1) What is exact name of the procedure of derivation of Klein-Gordon equation from the energy-momentum relation? (based on the above articles, i.e. by replacing quantities energy and momentum and so on with their corresponding quantum operators)?

2) Finally, the Klein-Gordon equation is a classical massive field equation, or a quantum mechanical massive wave-function equation, or both?

This question may sound elementary, however, I would appreciate if somebody clearly and simply answer it.

• my apologiee, I did comment thinking my books covered it in the way you asked about, but as you say, lots of authors just deal with the mechanics of it – user108787 Oct 18 '16 at 7:48

In Quantum Mechanics, the Schrödinger equation is just the statement that energy is the generator of time evolution. In the QM framework this is written as

$$H|\psi(t)\rangle=i\hbar\dfrac{d|\psi(t)\rangle}{dt}.$$

Now, if we have the position representation $\mathbf{r}$ we can form the wavefunction $\Psi(\mathbf{r},t)=\langle \mathbf{r}|\psi(t)\rangle$ and this becomes

$$\langle \mathbf{r}|H|\psi(t)\rangle=i\hbar \dfrac{\partial\Psi}{\partial t}.$$

The usual Schrödinger equation is found when we replace $H$ by the quantized classical hamiltonian:

$$H=\dfrac{P^2}{2m}+V.$$

The question is that the equation you get for $\Psi(\mathbf{r},t)$ is not Lorentz invariant. And indeed, we used the non relativistic energy when we quantized.

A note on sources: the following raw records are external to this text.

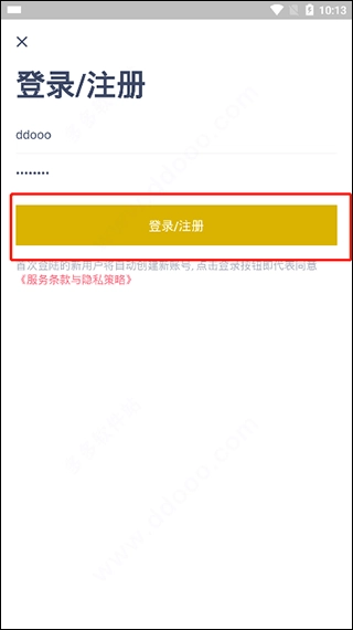 3、這時(shí)就會(huì)到“登錄/注冊(cè)”界面,輸入你的賬號(hào)密碼即可進(jìn)行登錄,同時(shí)就算你是首次登陸的新用戶也會(huì)自動(dòng)根據(jù)你輸入的創(chuàng)建新賬號(hào);
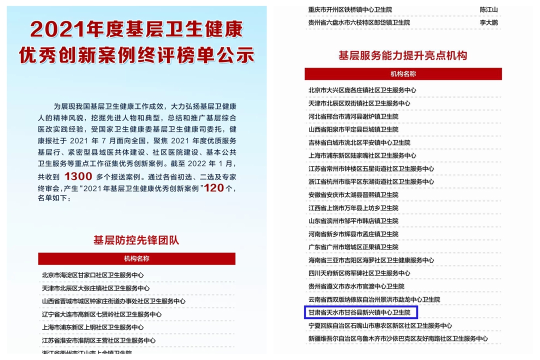 8月26日,由国家卫生健康委基层卫生健康司指导,健康报社和浙江省卫生健康委联合主办的第三届基层卫生健康发展与传播大会暨基层卫生重点工作交流会上,甘谷县新兴镇中心卫生院荣获2021年“优质服务基层行”基层服务能力提升亮点机构。
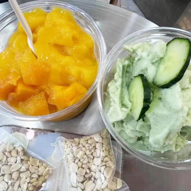 除黄瓜和芒果外,冰浆还有很多味道,大米原味,红提,花生,西瓜,火龙果…吃烙锅、火锅、烤串、肠旺面、羊肉粉、包卷等等都可以搭配一碗,你会在生活中得到一段特别快乐的时光。
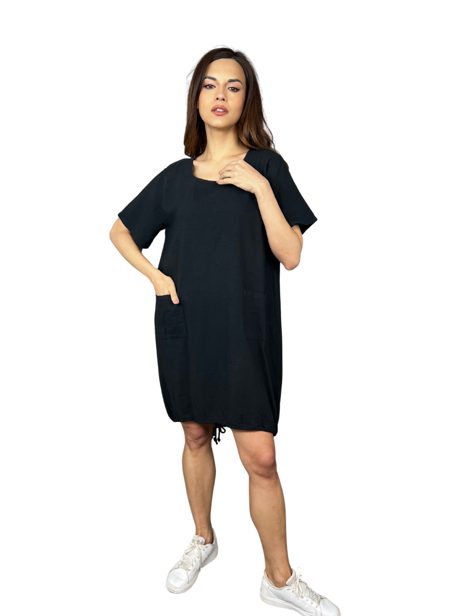 Díky jednoduchému kulatému výstřihu a minimalistickému designu jsou univerzálním kouskem, který snadno sladíte se sportovními teniskami, sandály i balerínami. Spodní lem je zakončen tunýlkem s možností stažení na šňůrku – díky tomu si můžete upravit délku a styl podle nálady.
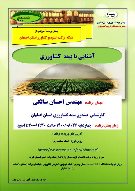 عنوان برنامه: آشنایی با بیمه محصولات کشاورزی چهارشنبه 26 آبان ماه 1400 ساعت پخش 12:30- 11:30 صبح از استودیو کشاورز استان اصفهان
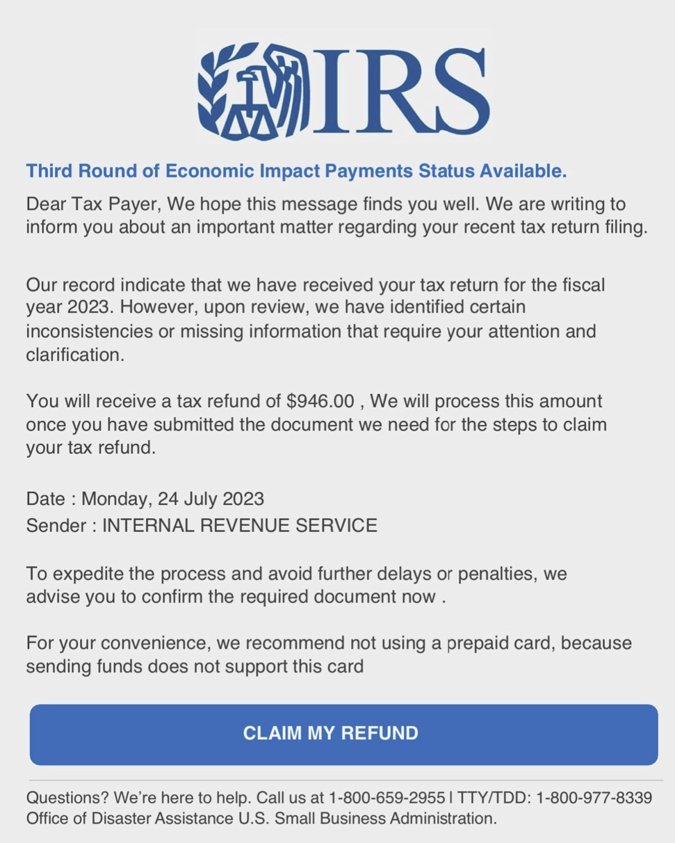 The bottom line is be careful if you ever get an email or text from the “IRS”.
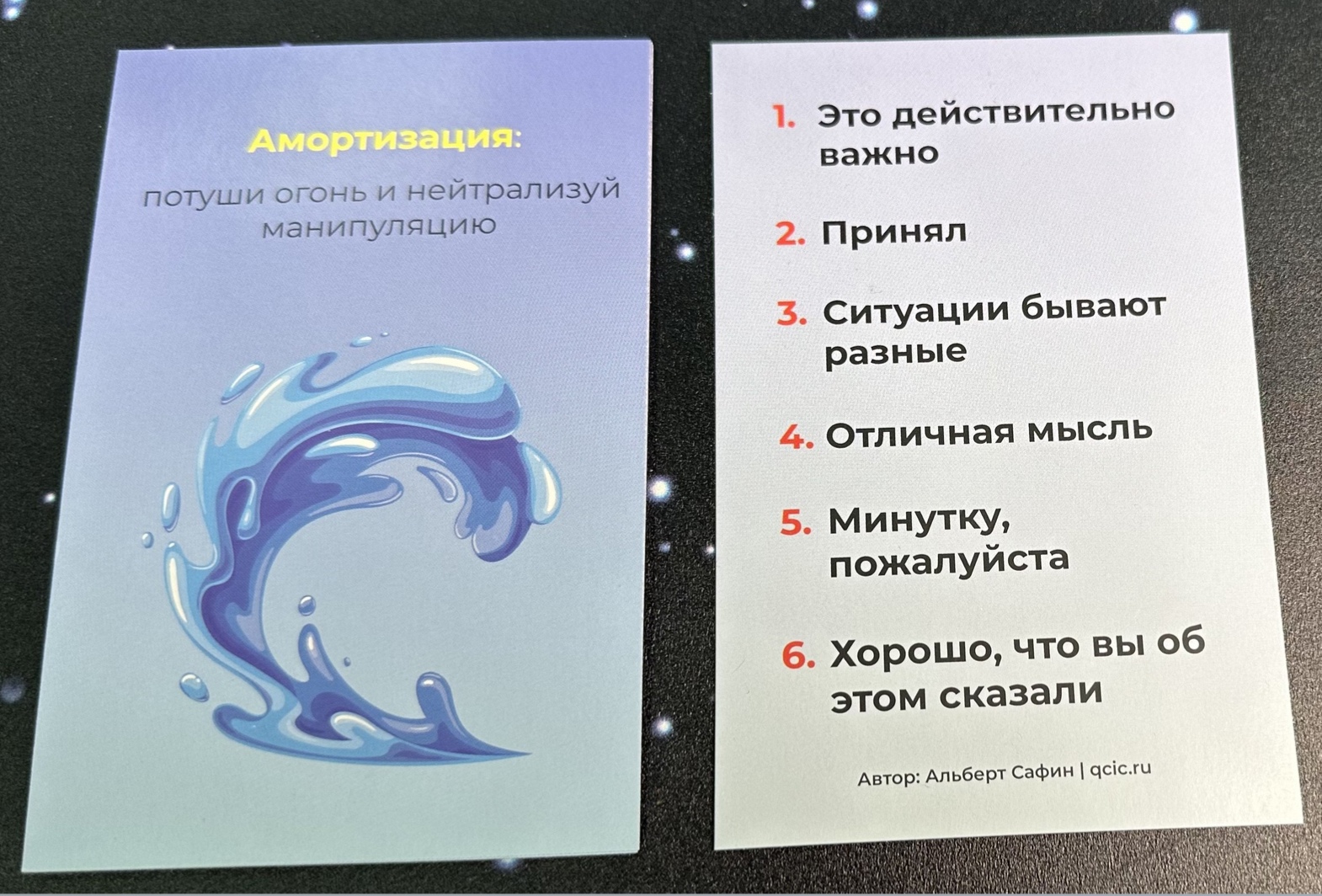 Шаг 4 - возьмите, пожалуйста, одну из карточек из колоды «Амортизация: потуши огонь и нейтрализуй манипуляцию». Расскажите о значении этой карточки. Прочтите вслух манипуляцию и амортизируйте её любым из вариантов. Задайте вопрос участникам: для чего необходима амортизация? Раздайте участникам по одной карточке из этой колоды. Пригласите участников амортизировать по одной манипуляции. Повторите этот шаг.
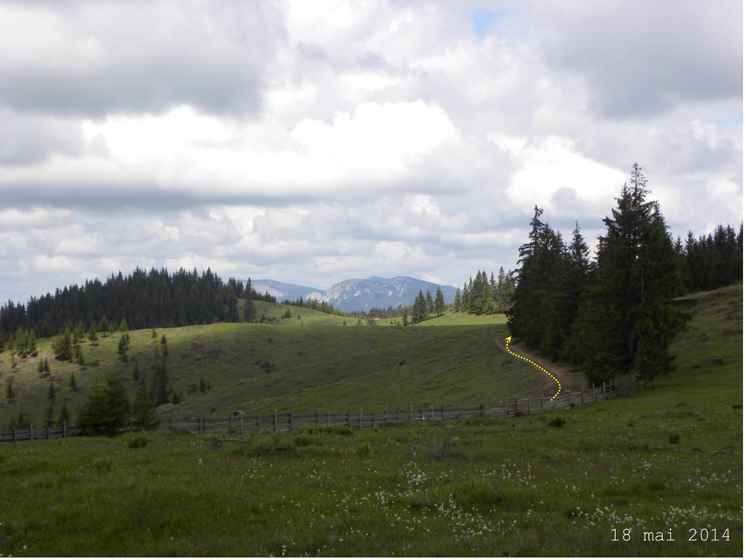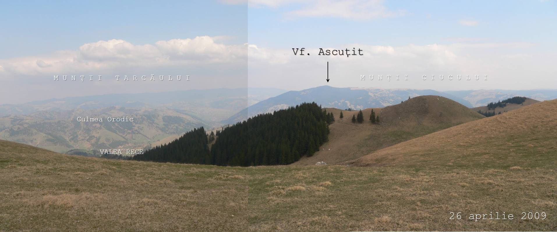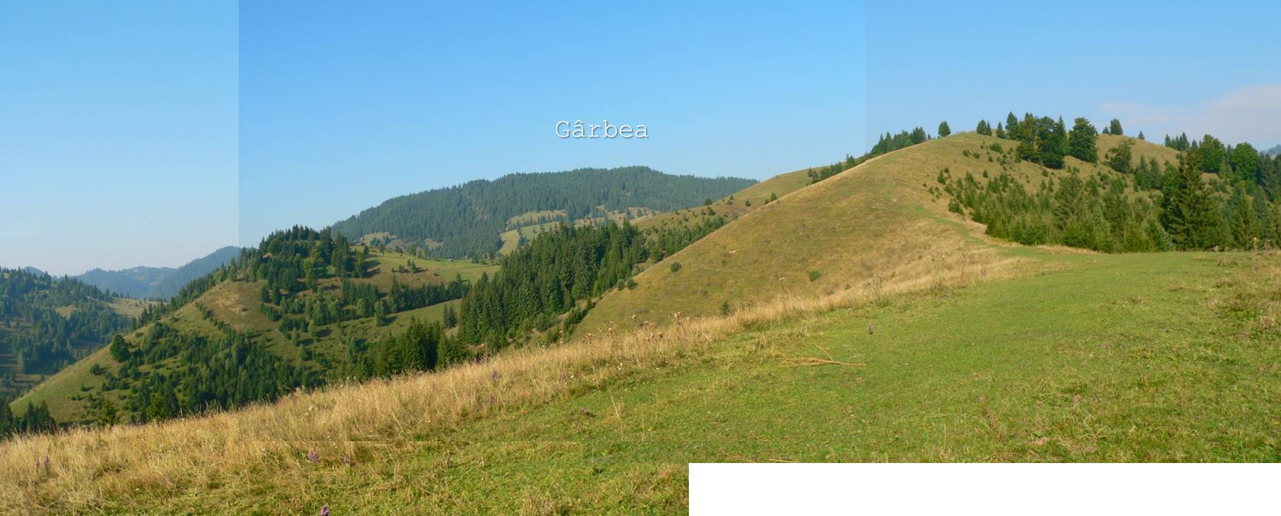 – în stânga, e șirul vârfurilor ce precede Muntele Gârbea (ce nu e un obstacol … serios, traseul ocolindu-l pe la extremitatea dreaptă);
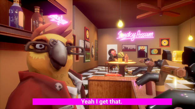 Karvainen matka kohti mysteerin ydintä tapahtuu piipahtelemalla muutamissa pienehköissä ympäristöissä, kuten Stonen ja Alexin hämyisen kotoisassa kantakapakassa sekä paikallisten krokotiilien ja brittiläisten ketunketkujen suosimalla utuisella tanssiklubilla. Kokonaisuutena ympäristöjä ja hahmoja on kitsaasti, ja pelaaja viettää suurimman osan aikaa vieraillen aiemmin tutuksi tulleissa paikoissa. Varsinainen pelaaminen keskittyy hahmojen väliseen dialogiin. Pelaaja voi satunnaisesti ohjata keskustelua maltillisempaan tai äkkipikaisempaan suuntaan, mutta juonen kannalta kaikki tiet johtavat samaan lopputulokseen.
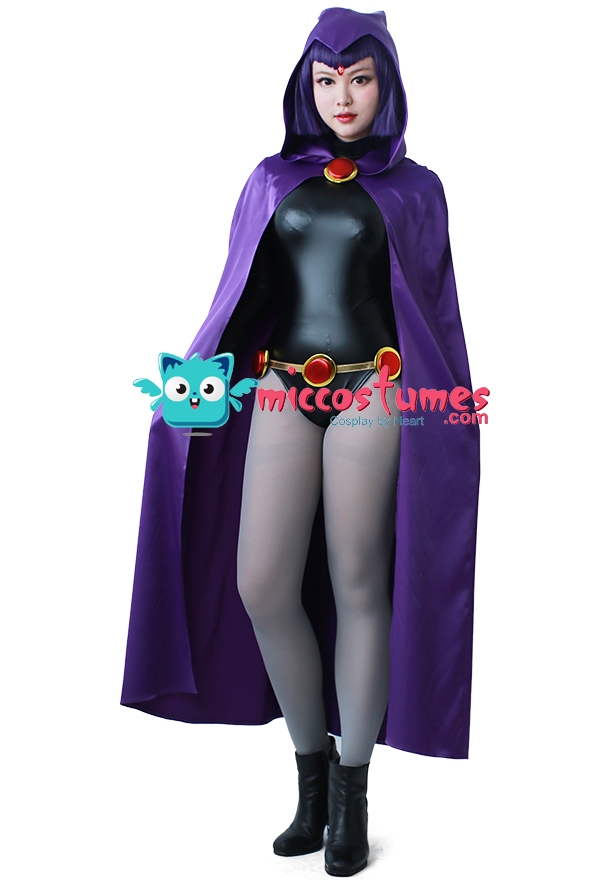 This Super Heroine Halloween Cosplay Costume Inspired by Raven. It is not an official DC Comic product, not approved by or associated with DC Comic, but carefully manufactured by KISIBE Studio. The crotch part of the jumpsuit is designed with elastic band so that the privacy will not be exposed.
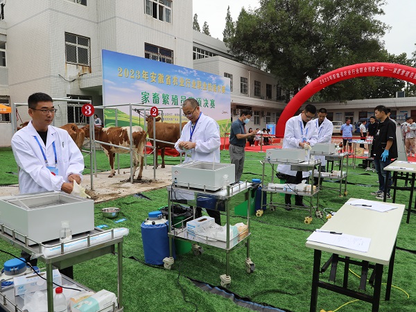 为全面贯彻落实党的二十大、中央农村工作会议和2023年中央一号文件精神,推进落实省委省政府实施“秸秆变肉”暨肉牛振兴计划工程,进一步加强我省畜牧人才队伍建设,9月21日至22日,2023年安徽省农业行业职业技能大赛——家畜繁殖员赛项决赛在我校凤阳校区成功举办,全国畜牧总站副站长左玲玲、安徽省农业农村厅副厅长汤洋、安徽省总工会农林水利气象工会二级调研员王怀宇,校党委副书记、院长李震,党委委员、副院长王孝义应邀出席开幕式并讲话。省农业农村厅机关党委、人事处、畜牧处、畜保中心,滁州市农业农村局、凤阳县农业农村局等相关负责人参加了开幕式。
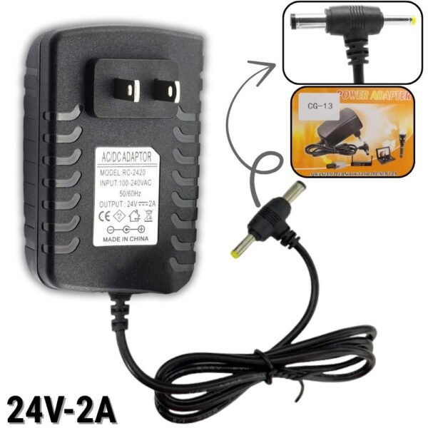 – Potencia Estable: Ofrece una salida constante de 24 Voltios a 2 Amperios, ideal para dispositivos de consumo medio que requieren energía precisa.

Now, the canonical way to do it, is to try quantizing the relativistic version

$$E^2=p^2+m^2,$$

in units where $c=1$. To quantize this we insist that energy is the generator of time translations. This suggests that $E\mapsto i\hbar \partial_t$ while we insist that $p$ is the generator of spatial translations so that $p\mapsto -i\hbar \nabla$. This leads to

$$-\hbar^2\dfrac{\partial^2\Psi}{\partial t^2}=-\hbar^2\nabla^2\Psi+m^2\Psi,$$

or also choosing units where $\hbar =1$

$$(\square+m^2)\Psi=0.$$

Here, $\Psi$ is a wave function, hence $\Psi:\mathbb{R}^3\times \mathbb{R}\to \mathbb{C}$ and hence, despite this strange terminology, $\Psi$ is a classical field.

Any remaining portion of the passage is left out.